Up to the end of the Directory the government was exercised by Jacobins, who merely desired to retain, along with the supreme power, the riches they had accumulated by murder and pillage, and were ready to surrender France to any one who would guarantee them free possession of these. That they negotiated the coup d’etat of Brumaire with Napoleon was simply to the fact that they had not been able to realise their wishes with regard to Louis XVIII.

But how explain the fact that a Government so tyrannical and so dishonoured was able to survive for so many years?

It was not merely because the revolutionary religion still survived in men’s minds, nor because it was forced on them by means of persecution and bloodshed, but especially, as I have already stated, on account of the great interest which a large portion of the population had in maintaining it.

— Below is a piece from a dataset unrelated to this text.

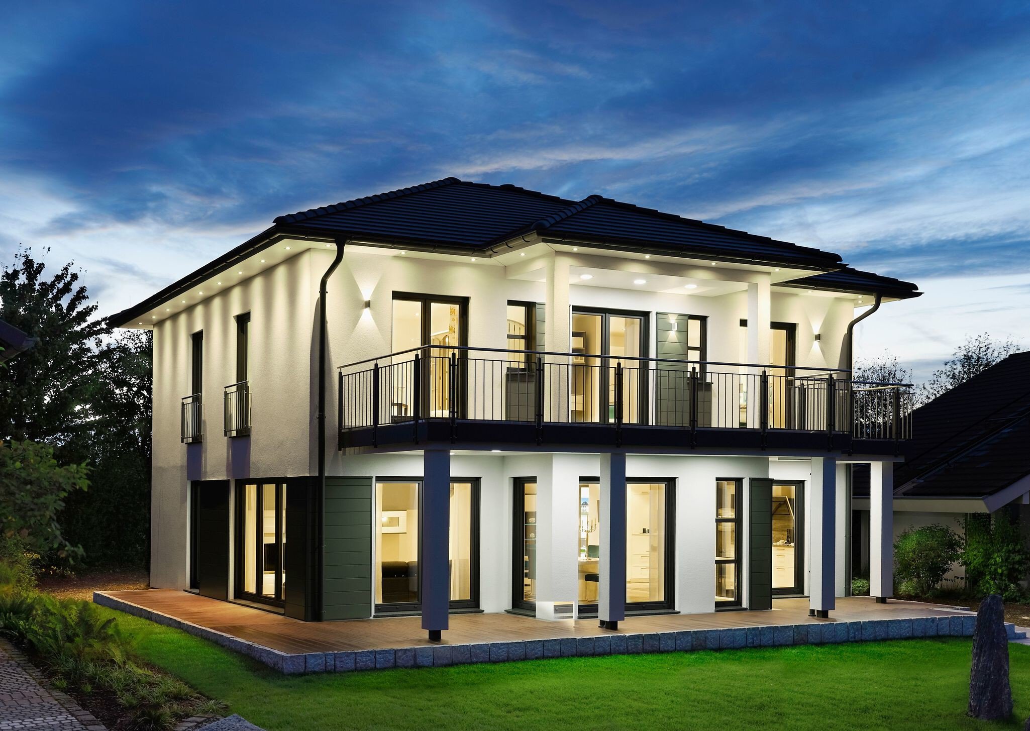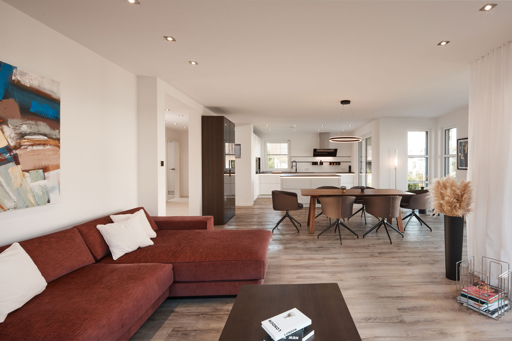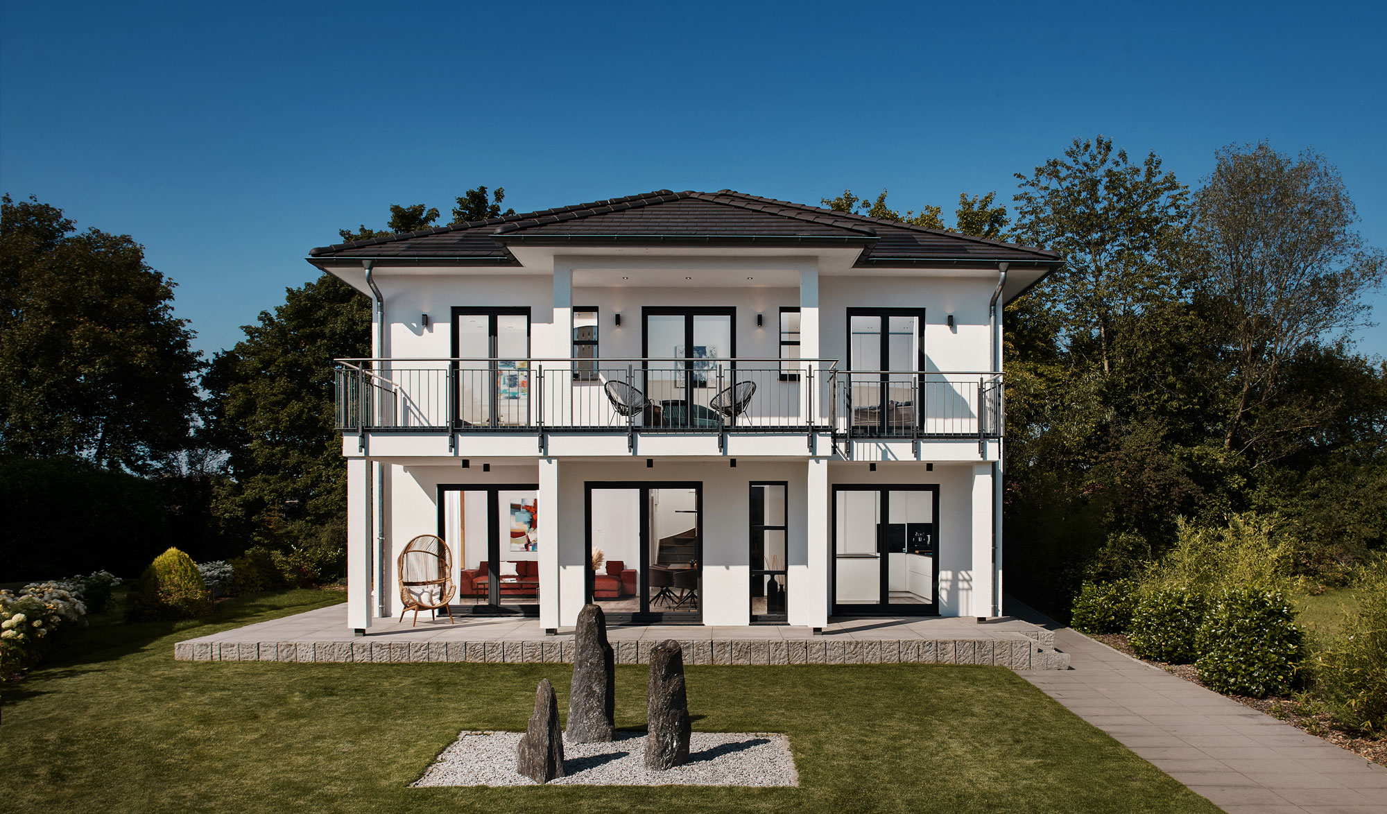 Klare Formen und kubische Elemente unterstreichen den markanten Charakter der Stadtvilla Montana.An der strahlend weißen Fassade setzen dunkle Applikationen wirkungsvolle Akzente und betonen die großzügigen Verglasungen, die dem Innenleben des Hauses eine moderne, helle und freundliche Atmosphäre verleihen.

This point is fundamental. If the Revolution had remained a theoretical religion, it would probably have been of short duration. But the belief which had just been founded very quickly emerged from the domain of pure theory.

The Revolution did not confine itself to despoiling the monarchy, the nobility, and the clergy of their powers of government. In throwing into the hands of the bourgeoisie and the large numbers of peasantry the wealth and the employments of the old privileged classes it had at the same stroke turned them into obstinate supporters of the revolutionary system. All those who had acquired the property of which the nobles and clergy had been despoiled had obtained lands and chateaux at low prices, and were terrified lest the restoration of the monarchy should force them to make general restitution.

It was largely for these reasons that a Government which, at any normal period, would never have been endured, was able to survive until a master should re-establish order, while promising to maintain not only the moral but also the material conquests of the Revolution. Bonaparte realised these anxieties, and was promptly and enthusiastically welcomed. Material conquests which were still contestable and theoretical principles which were still fragile were by him incorporated in institutions and the laws. It is an error to say that the Revolution terminated with his advent. Far from destroying it, he ratified and consolidated it.